Huh, I would have expected the request for additional registers to be linked int...

phire · 2025-04-06T01:55:13 1743904513

The feature was clearly designed for the ray-tracing use case, where the waves are independent and really shouldn't run into deadlocks as long as one wave can continue. That's why they have the deadlock avoidance mode, it guarantees one wave will always continues.

I believe they are using this to store the BVH traversal stack in registers, with allocation size depending on traversal depth. Eventually all the rays in the wave will hit or miss and free those registers.

Busy waiting is only the naive solution. I bet they went with the software based solution so they can experiment with other approaches. Such as dynamically switching to the previous approach of a stack in shared-memory when registers run out. Or maybe they can sort the rays, moving the long-running rays out, grouping them together into waves dedicated for deep traversal.

phire · 2025-04-06T04:10:24 1743912624

Actually, I'm wrong.

AMD's deep dive [1] says register use is low during BVH traversal, so they are still using shared memory for the stack.
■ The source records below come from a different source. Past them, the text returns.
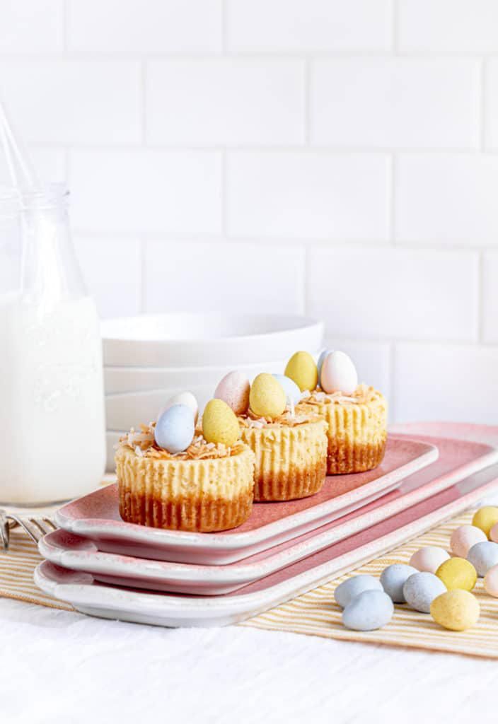 These Easter cheesecake bites feature an adorable bird's nest topping with candy eggs. It's an easy recipe for the best mini cheesecakes!
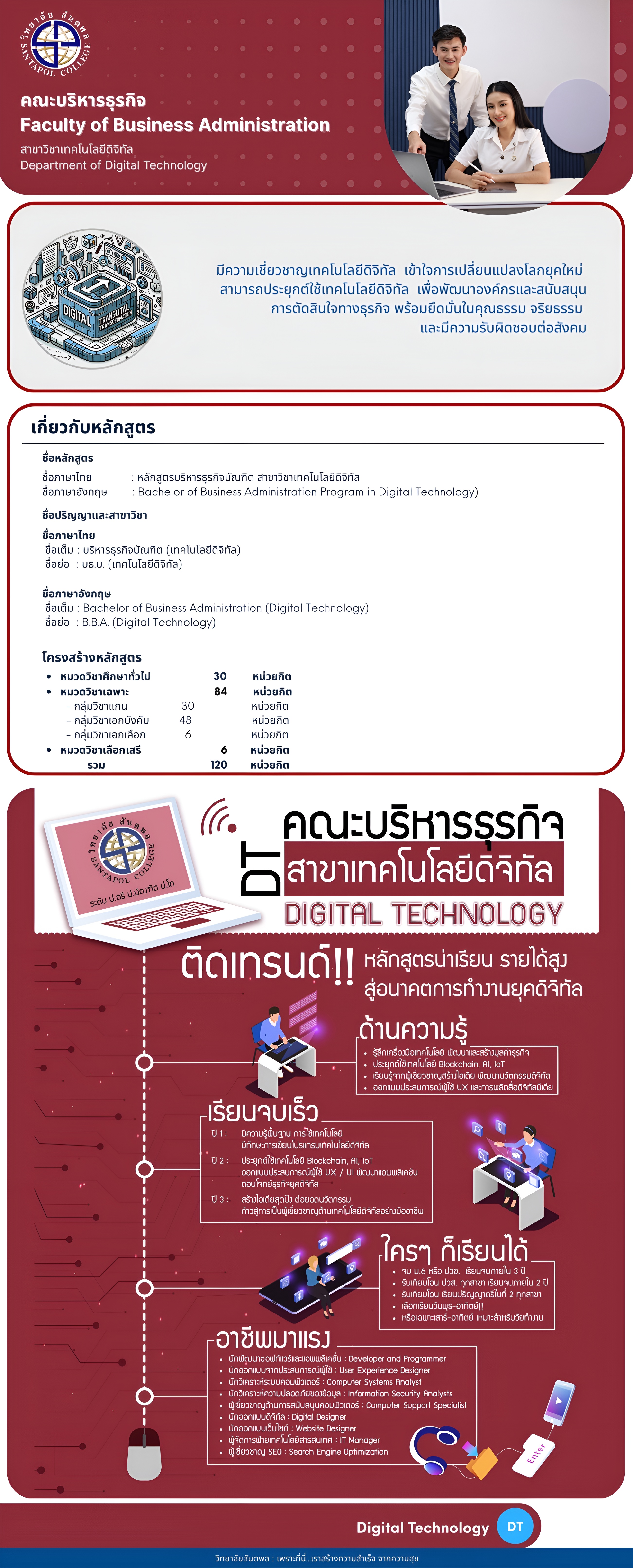 หลักสูตรบริหารธุรกิจบัณฑิต สาขาวิชาเทคโนโลยีดิจิทัล
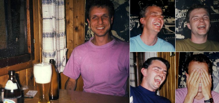 m) – Stubaier Alpen – 29. Juli 1991 Einen der lustigsten Abende gab es im Westfalenhaus in den Stubaier Alpen. Denkwürdiger Höhepunkt war Murphys "Weißbier-Löscheinsatz". Murphy schüttelte die Hefe in seiner Weißbierflasche, was ja grundsätzlich OK ist, nur .... 1.) War die Flasche noch halbvoll und 2.) schüttelte er die Flasche nicht hin und her, sondern hoch und runter, wie er es nach stundenlangem Würfeln vom Würfelbecher gewohnt war. Folge: Der geschüttelte Schaum baute einen Riesendruck in der Flasche auf, Murphys Daumen konnte nicht verhindern, dass der Schaum mit der Wucht eines Feuerlöschers gegen die Scheibe klatschte, und in einem hohen Bogen sogar noch die 3 Meter entfernte, gegenüberliegende Wand traf. Mit Servietten versuchte er das Fenster zu putzen, doch irgendwann zog er die Vorhänge einfach zu. Wir haben uns minutenlang totgelacht. Jörg lag ungelogen 10 Minuten, sich den Bauch haltend unter dem Tisch. |
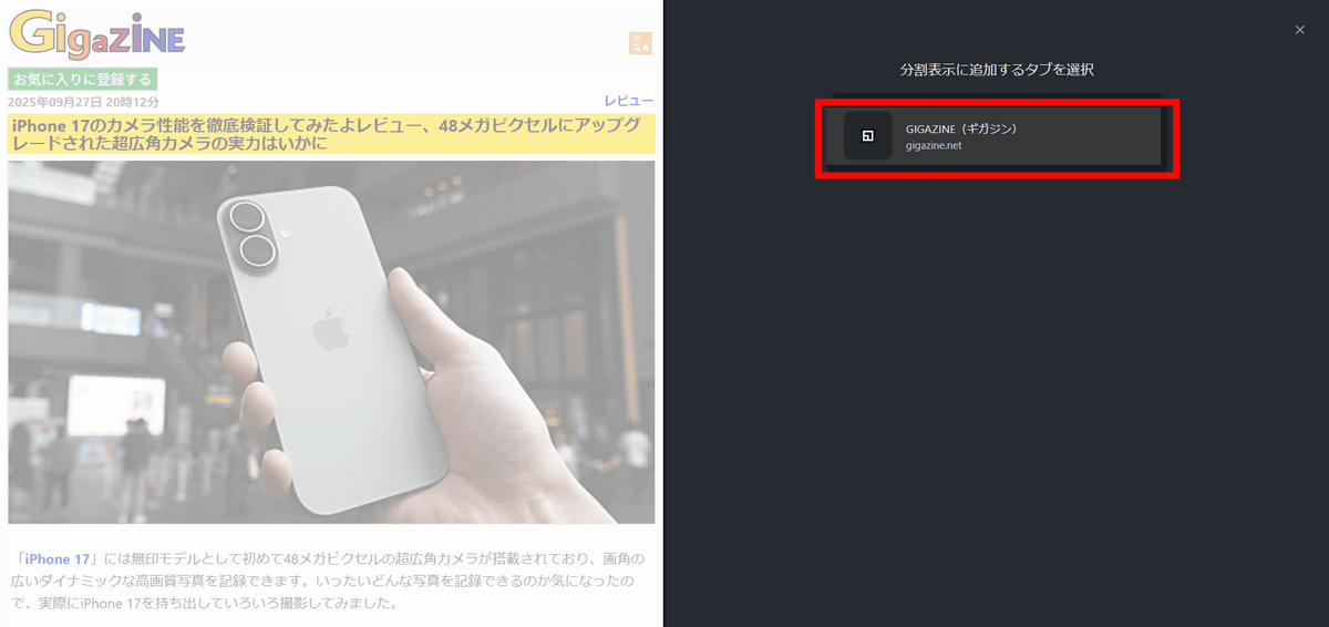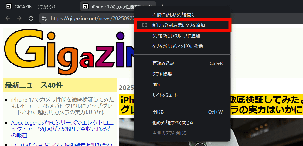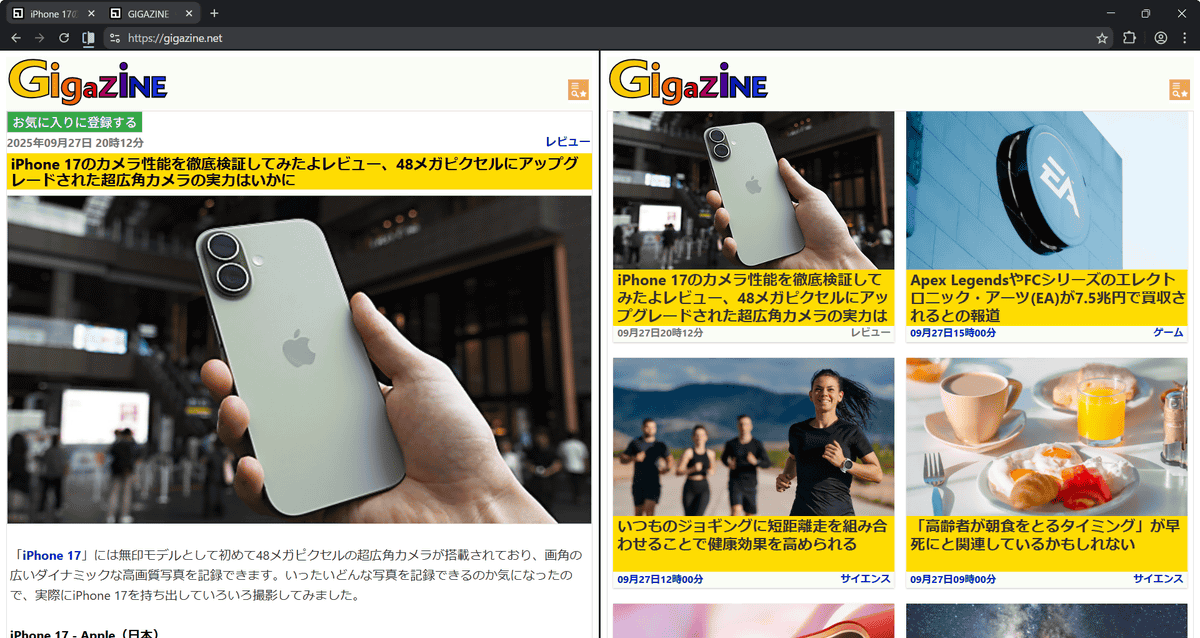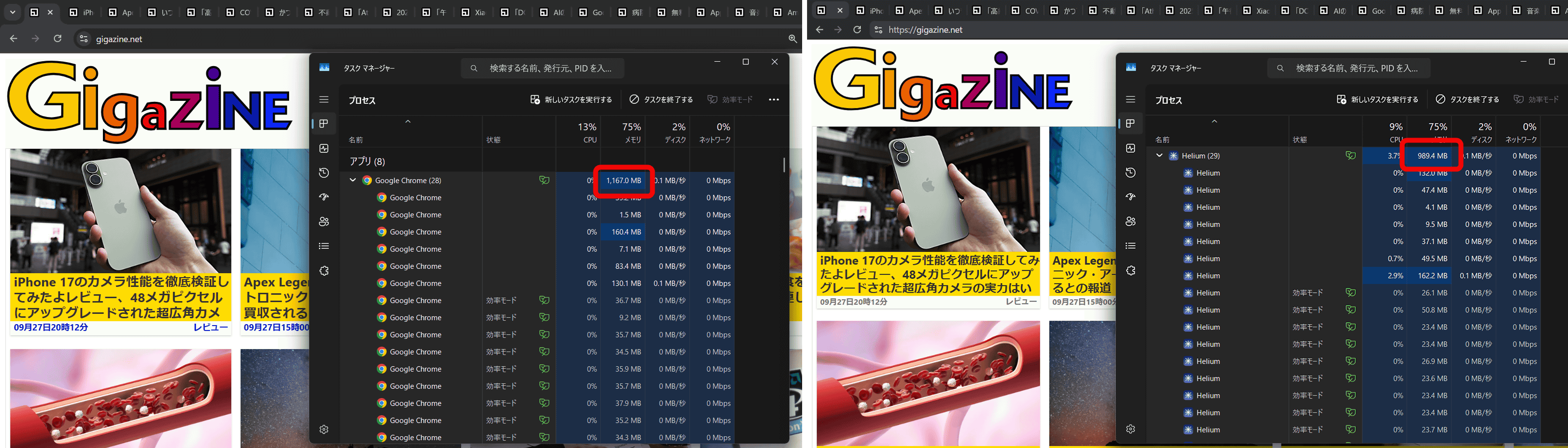Below, Google Chrome (left) and Helium (right) show 20 tabs of the same GIGAZINE article open. Checking the Task Manager in this state, we can see that Helium runs more lightly than Google Chrome. The more tabs you open, the more you'll notice Helium's speed.
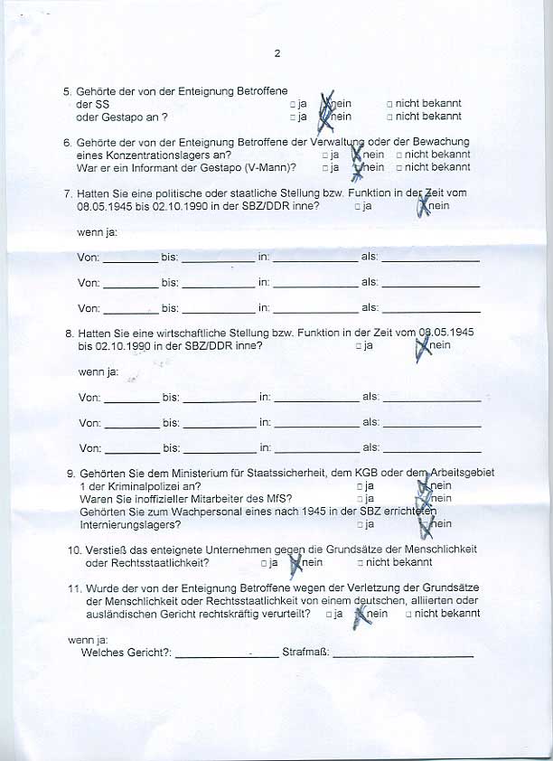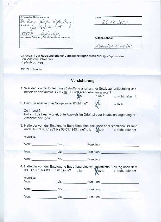 gerade noch in der Zwischenphase selbst geschafft. Den einzigen Schlüssel zur behelfsmäßig sichernden Resttür beim Erben des Enteigneten von 45. Der 's nur kaufen will, zurückerwerben und etwas tun. Es geht um 3 Ha. Restgut
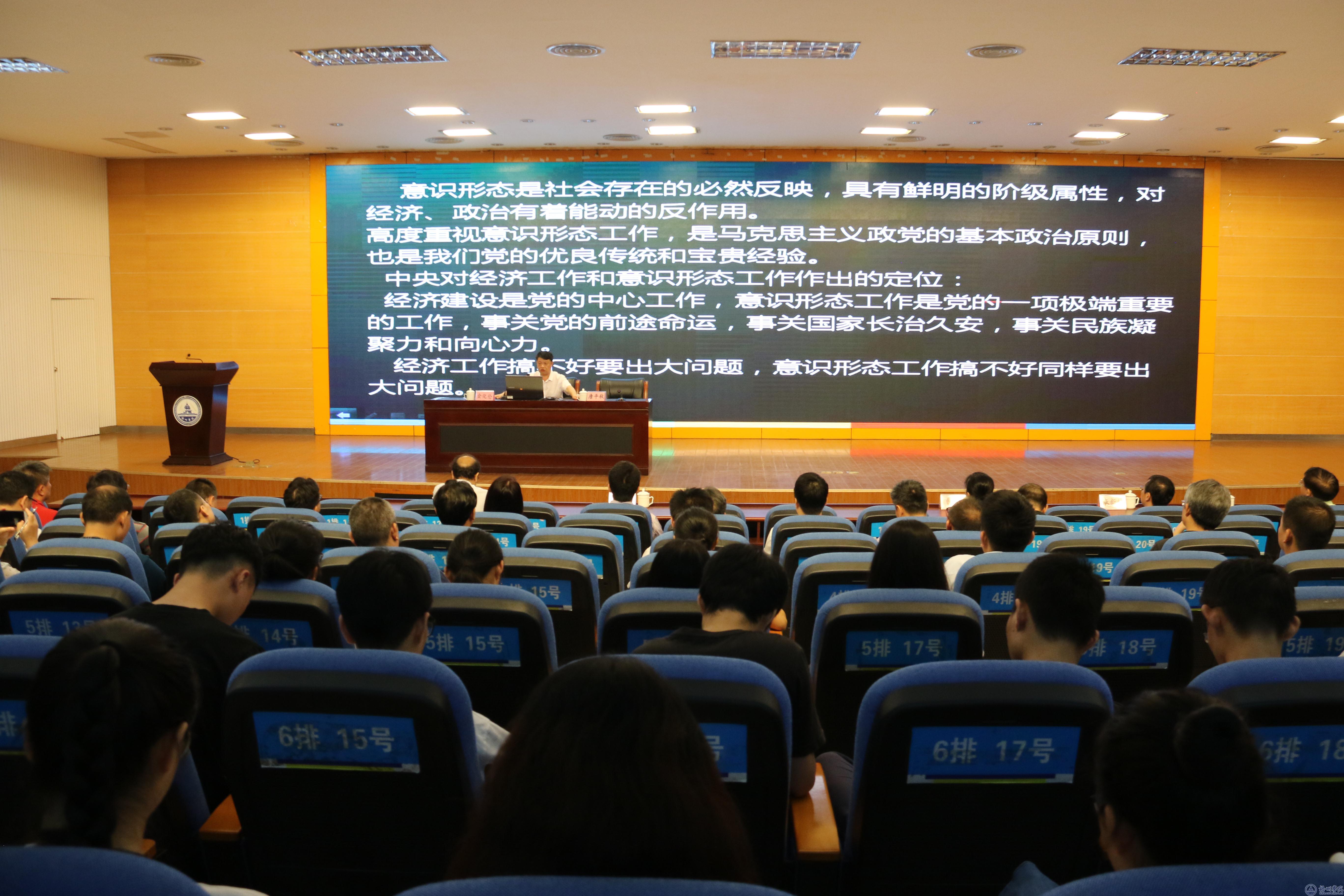 金化伦主任受邀为我校师生作题为《切实维护网络意识形态安全》的专题报告。报告会由党委书记唐平秋主持。师生代表300多人聆听报告。
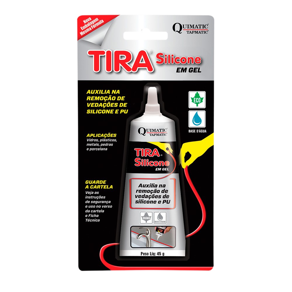 Tira Silicone e PU removedor poliuretano em vidros plástico e metais em gel á base d'água de 45g Quimatic Tapmatic
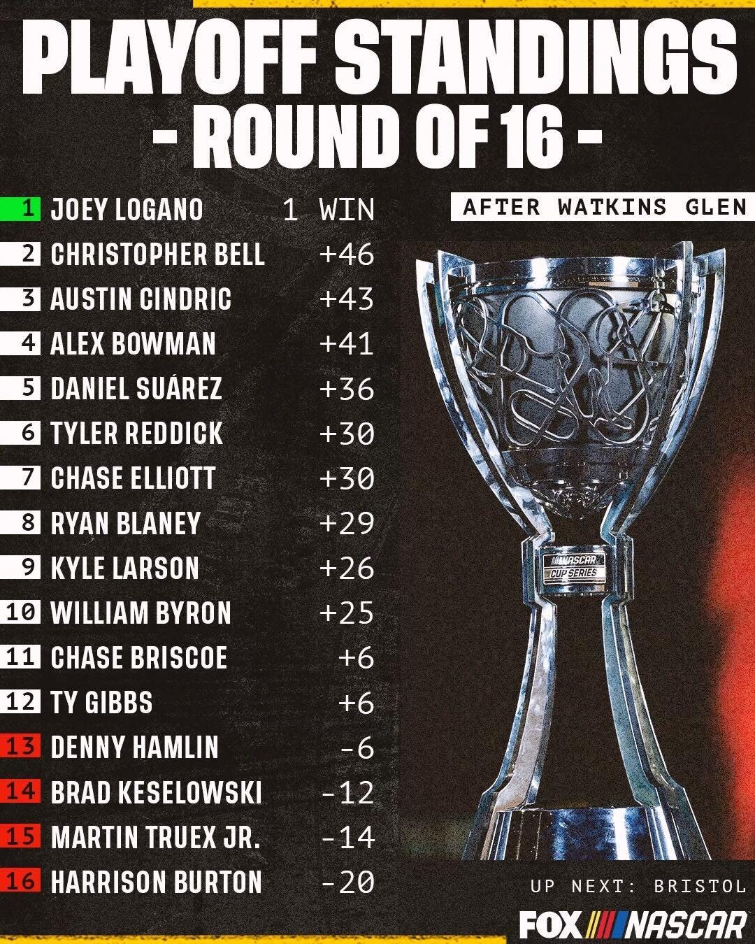 Denny Hamlin was involved in two accidents, including one on the opening lap, finished 23rd and is six points behind Ty Gibbs and Chase Briscoe, who are currently tied for the final two spots.
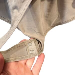 • Bottom Half: A solid, nude-toned bodysuit base with a sleek, fitted finish. The contrast between the sparkly top and the smooth bottom gives a layered effect. Snap crotch
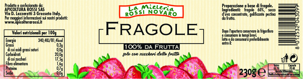Ingredienti: fragole 60%, succo d’uva concentrato, gelificante pectina.
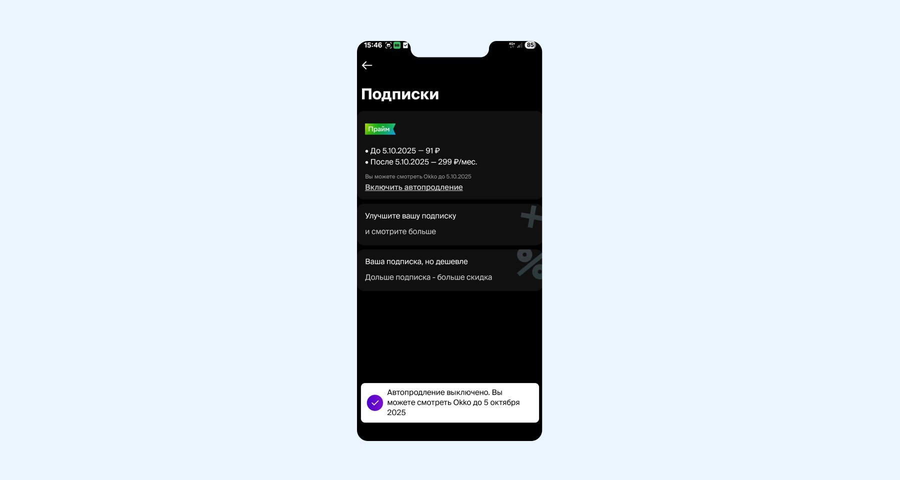 - Готово! Автопродление подписки отключено.

According to the ISA doc [2] they have a special mode for the stack that overwrites older entries instead of overflowing and a fallback stackless mode.

So the register allocation is actually increased when invoking the hit shader, allowing each hit shader to use a different number of VGPRs, spinning is probably the most logical approach. They probably don't even need the deadlock avoidance mode with their current implementation, which seems to allocate the full set of registers when calling the hit shader and only free them at the end.

[1] https://www.techpowerup.com/review/amd-radeon-rx-9070-series...

[2] See 12.5.3. DS Stack Operations for Ray Tracing - https://www.amd.com/content/dam/amd/en/documents/radeon-tech...